Sunday, November 3, 2024

Hardcase (1972)



          In the great 1966 Western The Professionals, mercenaries enter Mexico to rescue an American’s wife, who was supposedly kidnapped by a revolutionary, only to discover the wife has become romantically involved with the revolutionary. A twist on that premise drives the agreeable made-for-TV Western Hardcase, starring former Cheyenne star Clint Walker and Stefanie Powers. Ex-soldier Jack (Walker) returns from POW incarceration to discover that his wife, Roz (Powers), not only ran off with revolutionary Simon (Pedro Aremendáriz Jr.) but, thinking Jack dead, sold his ranch to buy supplies for Simon’s rebel band. Hardcase, titled for a nickname someone hangs on the stoic protagonist, dramatizes how Jack responds to this conundrum. This telefilm is so light on plot that it resembles an episode of some generic Western anthology; similarly, the piece has the over-lit aesthetic and unimaginative camerawork of vintage episodic television. Yet Hardcase boasts a reasonably intelligent script, by Hollywood veterans Harold Jack Bloom and Sam Rolfe, and the narrative successfully ensnares its protagonist in a fraught moral dilemma. As a result, the movie is simple without being wholly simplistic.

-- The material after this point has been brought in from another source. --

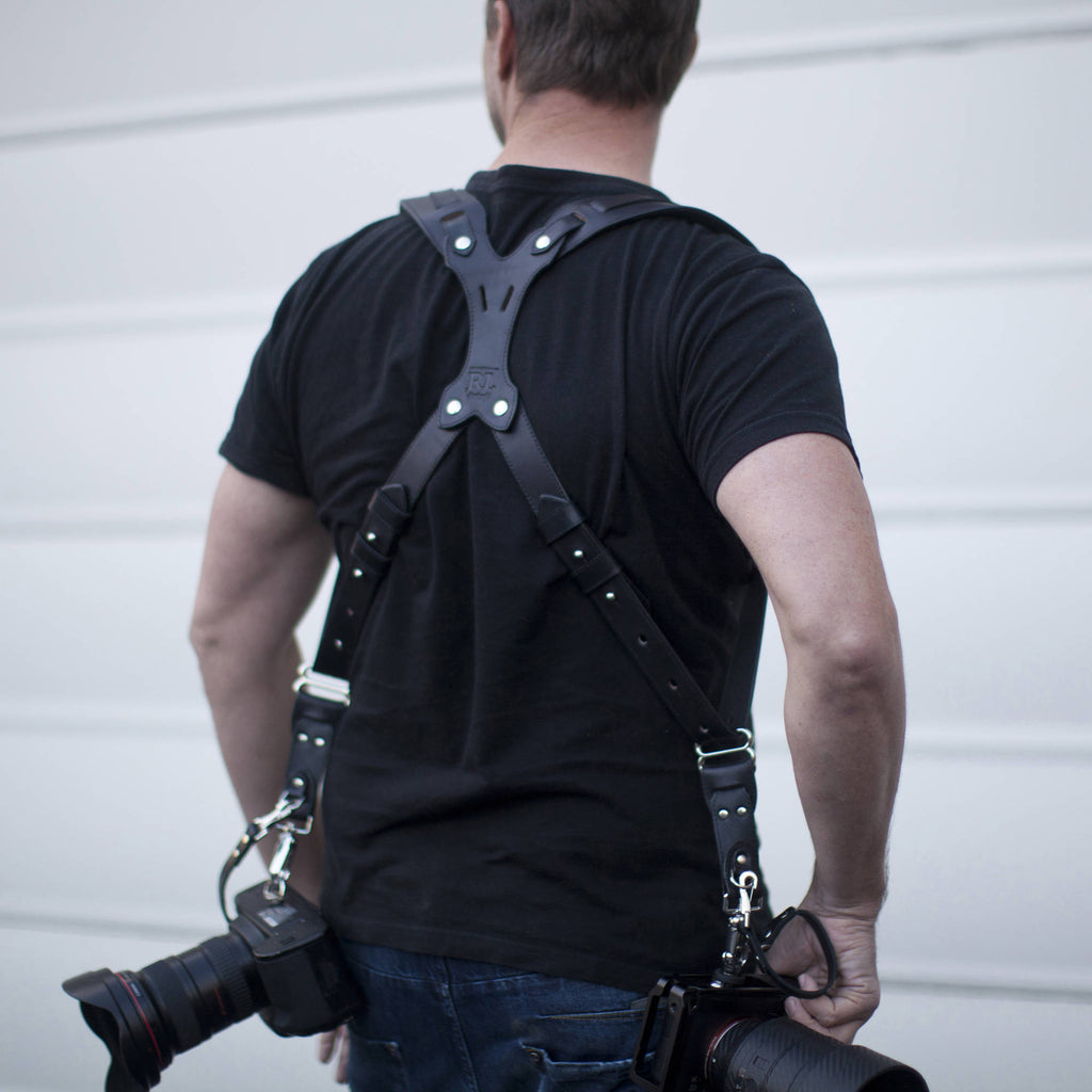 Carry two or three DSLR or mirrorless cameras with attached lenses in the beautifully handcrafted, made in the USA, small, jet black/black Clydesdale Pro-DLX Leather Camera Harness from RL Handcrafts . Photographers will appreciate the quick-access camera glide system, and the wide shoulder straps. Genuine leather combined with nickel-plated brass hardware ensure strength, looks, and durability. For comfort and stability, the harness has a six-point pivot system that allows for independent rotation points. The design permits personal configurations for different body types and movements. Two security straps are included.
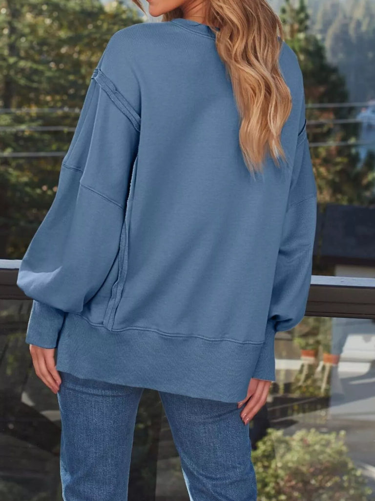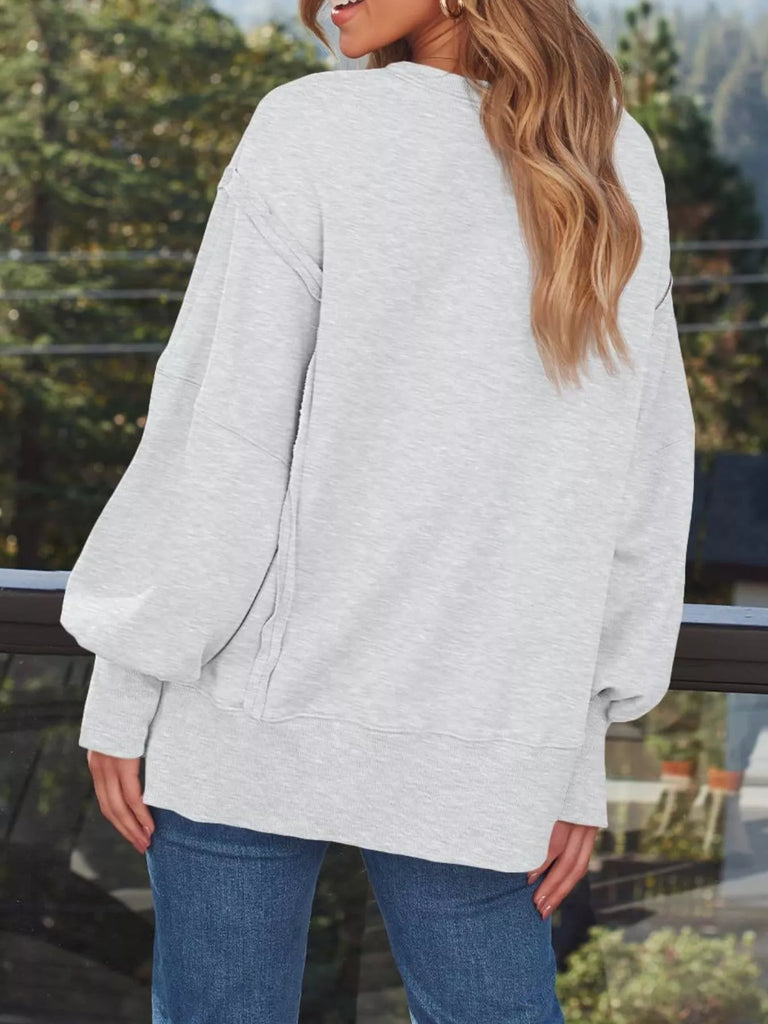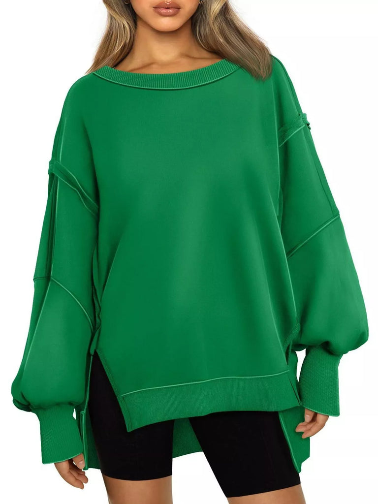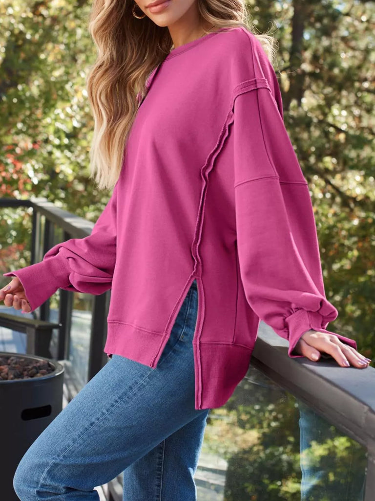 Side Slit Long Sleeve Oversized Sweatshirt

          Anyone who has encountered a Walker performance knows better than to expect nuance from his acting—his towering physicality and granite features lend so much visual impact that he if he aims in the general direction of a dramatic texture and doesn’t exert himself, he’s able to put across something adequate. Powers is similarly limited in her abilities. Perhaps that’s why they make a compatible duo in Hardcase—the boundaries of his skills suit a character who has difficulty expressing emotion, just as the boundaries of hers fit the character of a woman torn between conflicting loyalties. Meanwhile, Aremendáriz Jr. capably offers a frontier riff on the Paul Henreid role from Casablanca (1942) and former NFL player Alex Karras, in his first proper movie performance, lends a mix of amiability and grit. The dramatic beats these actors perform get plenty of screen time because the movie doesn’t have much action—or, for that matter, much tension. It’s tempting to guess that Hardcase is so gentle because it was the first live-action movie from kiddie-animation specialists Hanna-Barbera Productions.